Для меня любые расставания тяжелы. В своей жизни я столько ездил, жил с людьми, прощался и больше их никогда не встречал, что у меня появилась странная привычка: когда расстаюсь с любимым человеком, то смотрю на него так, словно больше не увижу. А это всегда вызывает грусть. Прощаясь с тобой, такое чувство давил, как только мог. Да ведь совсем не задавишь…
В последнем письме ты говорила, что из-за разлук мы с тобой несчастные люди. Вот уж нет! Тяжело — да! Несчастны — нет! Теперь в городах появилось целое поколение людей, которые родились в них, живут, да там и умрут. У многих вся жизнь проходит в одном доме или районе. Отлучаются из города только в отпуска, да и то по путёвкам, или ищут места с газом и хорошим снабжением. Их не интересуют ни мир, ни жизнь, и молятся они только богу-комфорту. У них разлук не бывает. Вот я и думаю: а ведь бедные они люди. Не знают разлук, так ведь и встреч не знают. Я думаю, они не знают и любви. Я не верю, что люди, которые отдыхают по путёвкам, ходят под зонтиками, тыкают в булочных вилками хлеб и бесконечно смотрят телевизор, могут любить. Для любви нужна страсть, а где она у них, у этих комфортолюбцев.
Вот, Марочка, какой парадокс-то выходит. Счастливым можно стать тогда, когда понимаешь это своё состояние. А если не понимаешь, то зачем оно. Глупо и обидно быть счастливым и не знать этого. Но понять счастье можно, только сравнив, через горе. Получается, чтобы быть счастливым, сначала нужно побывать несчастным. Как мы с тобой. Несчастными побывали, а теперь будем счастливыми.
Я тебе не писал про один смешной случай: боялся, что будешь волноваться. Нужно было перекинуть лагерь километров на пятьдесят. Решили вертолёт не брать, а проплыть лодками. Пошли. Речка бурная, в мелких порогах, завалах, водоворотах. Одна из сотрудниц сидела в моей лодке на корме. Видимо, задремала. Я сначала ничего не понял и всплеска не слышал. Обернулся, а её голова торчит из пены уже метрах в пяти за лодкой.
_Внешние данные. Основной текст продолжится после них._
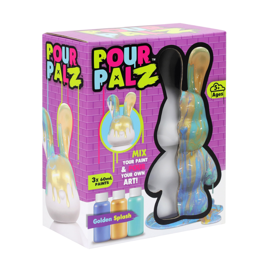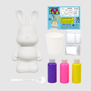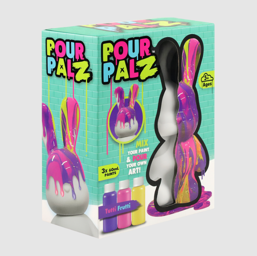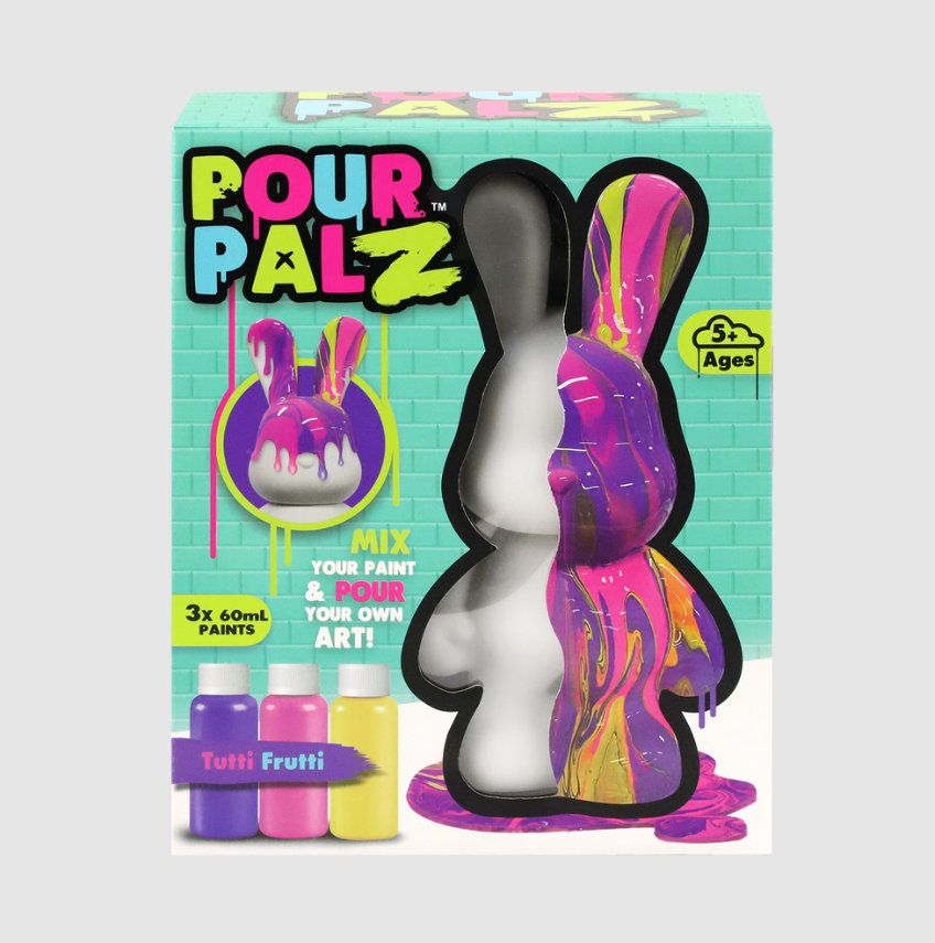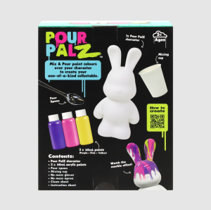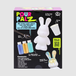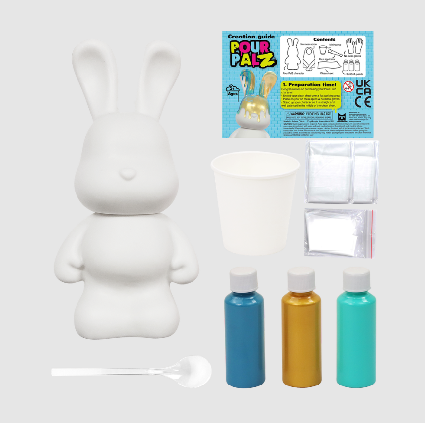 Contents: x1 Pour Palz large bunny figure, x3 paints, x1 pour spoon, x1 no-mess mat, x1 mixing cup, x1 glove*

Она со страху и не крикнула. Лодку несёт, только деревья мелькают. Кроме меня, — пожилая геологиня да студент. Не знаю почему, но вдруг мне привиделось, что это ты бьёшься в пене. Как ошарашило такой мыслью. Я прыгнул в воду, и нас с ней протащило далековато. Берега обрывистые, перекаты кипят, а она — как рюкзак с образцами. Дело не в этом. Сотрудницу я бы и так спас, но это странное наваждение посреди ясного дня так поразило, что не могу забыть до сих пор. Теперь понимаешь, почему дал ту дурацкую телеграмму с вопросом о твоём здоровье? Но всё это в прошлом.
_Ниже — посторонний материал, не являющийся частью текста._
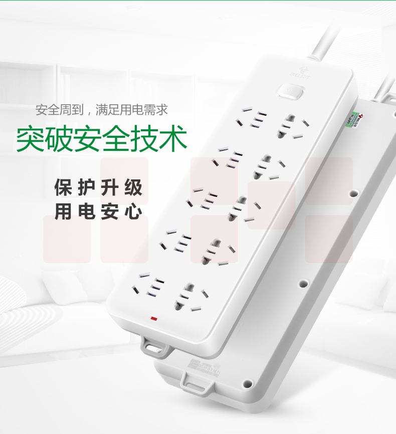 公牛 GN-218 10位总控 5米多位插座 超功率保护接线板插排
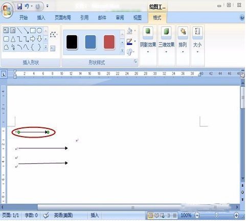 5、只要单击刚刚添加在文中的箭头,选中它之后会出现左右两个绿点,拖动其便能改变箭头的长短,向上或者向下拖动则是改变箭头的位置。
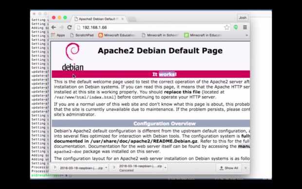 - Escriba la dirección IP de su PI en un navegador web. Una carga de la página web que dice "¡ funciona!"
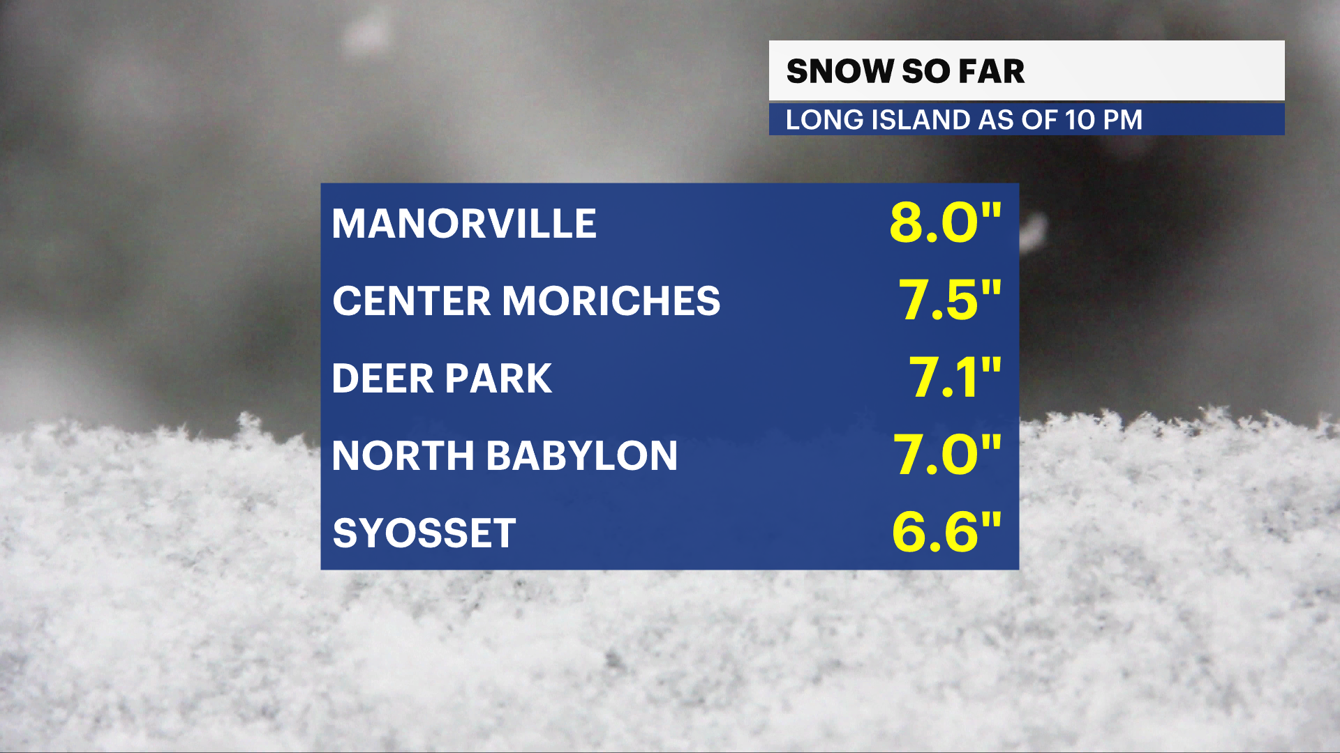 Snow totals as of 10 pm:
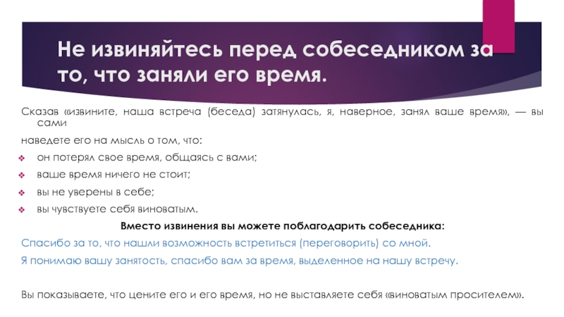 Слайд 16Не извиняйтесь перед собеседником за то, что заняли его время.
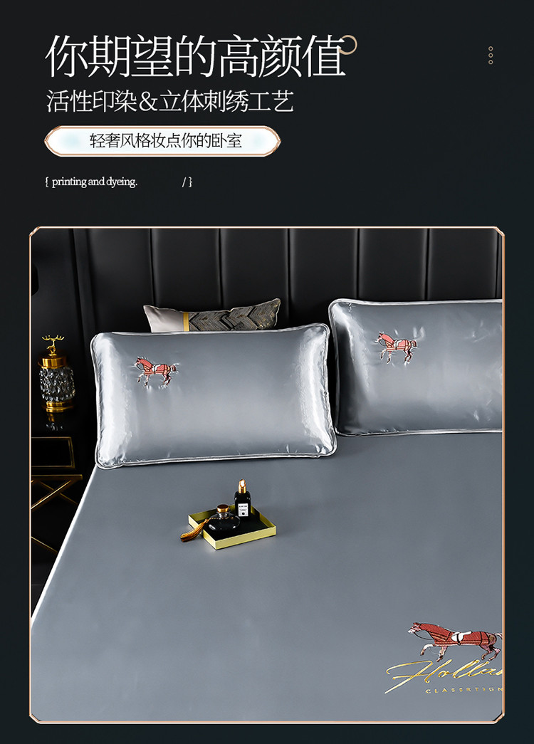 商品名称:芃成家纺 2021新款冰丝凉席刺绣床笠款 爱马仕浅灰
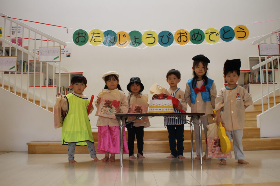 11月のお誕生日会のテーマは「秋」 さまざまな「秋」にちなんだ格好で登場してくれました! 「食欲の秋」「読書…
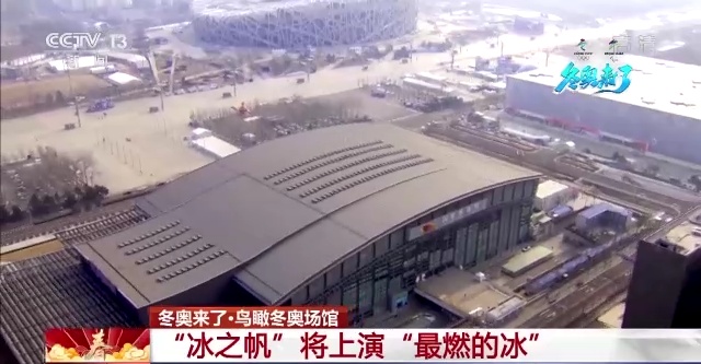 现在我们看到的是国家体育馆。它的外形犹如一艘在奥林匹克中心区航行的巨型帆船,因此也拥有了一个昵称——叫做“冰之帆”。同样作为“双奥场馆”,国家体育馆曾经举办过2008年北京夏季奥运会的体操、蹦床等项目的比赛。北京冬奥会期间,这里将进行精彩激烈的冰球比赛,让我们期待“冰之帆”里上演“最燃的冰”。
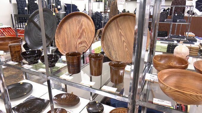 香川県からは、現在、入手困難と言われる、樹齢300年以上経過した黒松を使った椀や盆などの木工食器が並びます。
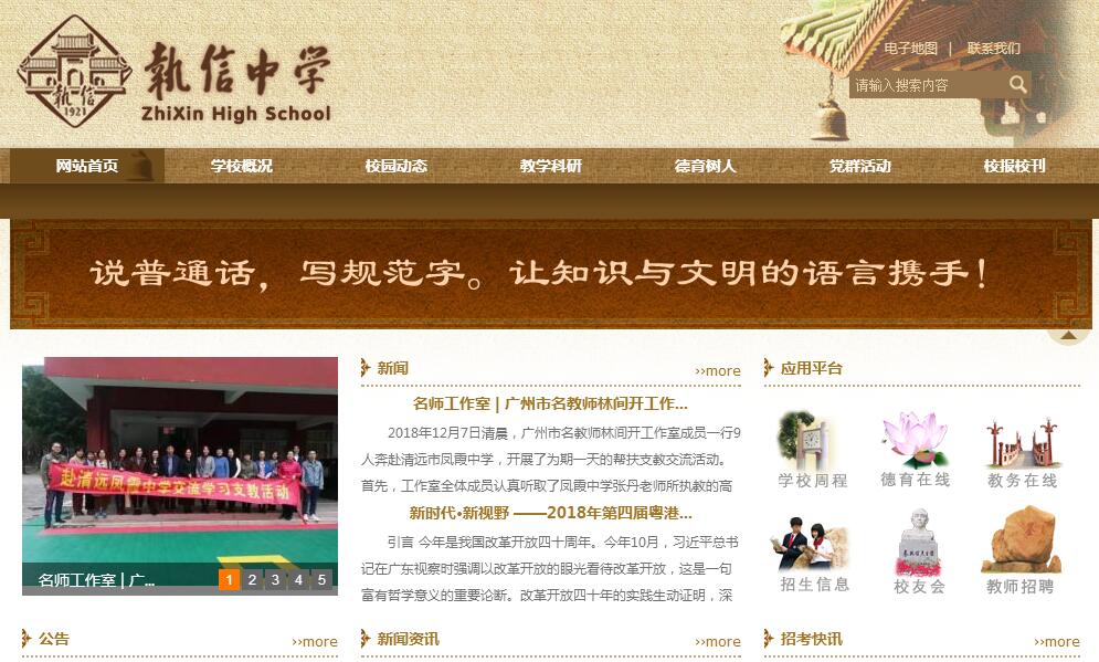 广州市执信中学是孙中山先生于1921年为纪念朱执信先生而亲手创办的一所纪念性学校,廖仲恺、胡汉民、孙科、蔡元培、林森、李大钊、戴季陶等人都是学校校董。广州市执信中学是广东省重点中学,国家级示范性普通高中。九十多年来,始终秉承“崇德瀹智”的校训,坚持“立德树人”的办学宗旨,致力培养“改造未来社会之人才”,培养了数以万计的优秀毕业生,杰出校友遍布世界。学校以“追寻完整的教育生活”为理念,建设多样化课程,满足学生全面发展、多元发展、特长发展的需求。与中山大学、华南理工大学等十多所高校、医院和科研机构合作,采用“导师 + 研究生 + 本科生 + 高中生”模式开展课程学习,探索培养拔尖创新型人才的新途径。教学质量高位稳定,名列广州市前茅。90%以上的高中毕业生进入国内重点大学,每年有近百名优秀毕业生被哈佛、斯坦福、康奈尔、巴黎政治学院、香港大学、香港科技大学等世界著名学府录取。学生社团蓬勃发展,共有38个社团,其中模拟联合国社团辐射华南、走向全国、走向世界;学校的艺术教育、体育教育、科技教育成绩显著,学校艺术团、运动队多次在全国乃至世界舞台上取得优异成绩,学生在国际、全国、省市青少年科技创新大赛中屡获大奖。1998年,李岚清副总理到执信中学视察时评价说“这所学校素质教育办得不错”,并题词“持之以恒”。2010年,教育部陈小娅副部长视察执信中学,对学校的课程改革给予了高度的评价。2011年,国务院副总理汪洋(时任广东省委书记)给执信中学90周年校庆发来贺信,称赞“执信中学是一所有着光荣传统和辉煌业绩的名校”。学校先后获得“全国现代教育技术实验学校”、“全国创建绿色学校先进单位”、“全国艺术教育先进单位”、“广东省文明单位”、“广东省先进集体”、“广东省德育示范校”、“广东省科学教育特色学校” “广东省依法治校示范学校”、“广东省体育特色学校”等荣誉称号,成为广东省教育战线的一面旗帜,在国内外也享有较高的声誉。

Я везу тебе подарки. Нет, не шубки и кримплены, а вещички поинтересней:
1. Дикий виноград: синий, почти тёмный, мелкий, кислый и такой терпкий, что сводит скулы. Нарвал гроздья с ветками и листьями, хоть картину с них рисуй.
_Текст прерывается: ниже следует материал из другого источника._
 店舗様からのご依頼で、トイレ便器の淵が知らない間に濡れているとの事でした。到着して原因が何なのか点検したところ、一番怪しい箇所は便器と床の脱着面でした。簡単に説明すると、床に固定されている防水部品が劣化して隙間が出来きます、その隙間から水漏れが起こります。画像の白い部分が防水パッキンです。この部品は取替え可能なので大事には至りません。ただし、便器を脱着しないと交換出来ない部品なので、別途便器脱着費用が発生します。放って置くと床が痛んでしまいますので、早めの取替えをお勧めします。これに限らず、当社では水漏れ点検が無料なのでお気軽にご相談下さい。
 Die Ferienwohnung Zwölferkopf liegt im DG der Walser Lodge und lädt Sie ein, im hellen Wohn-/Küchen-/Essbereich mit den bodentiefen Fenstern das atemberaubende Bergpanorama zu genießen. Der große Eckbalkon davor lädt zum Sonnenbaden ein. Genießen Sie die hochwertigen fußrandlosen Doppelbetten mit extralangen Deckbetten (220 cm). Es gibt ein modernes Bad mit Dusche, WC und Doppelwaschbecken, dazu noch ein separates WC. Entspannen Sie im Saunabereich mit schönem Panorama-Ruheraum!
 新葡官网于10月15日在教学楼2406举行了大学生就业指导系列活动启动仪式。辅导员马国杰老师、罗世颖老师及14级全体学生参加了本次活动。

2. Лимонник, ягоды и ветки. Не ветки, а натуральные лианы, у меня скатаны в рулон, как провода. Они немного кисловаты и немного пахнут мылом. Я завариваю чай.
3. Огромный панцирь огромной черепахи, которую мы изловили в притоке Уссури и съели в супе-лапше. Из панциря можно заказать тебе гребёнку, а лучше её оставить для воспоминаний в зимние вечера.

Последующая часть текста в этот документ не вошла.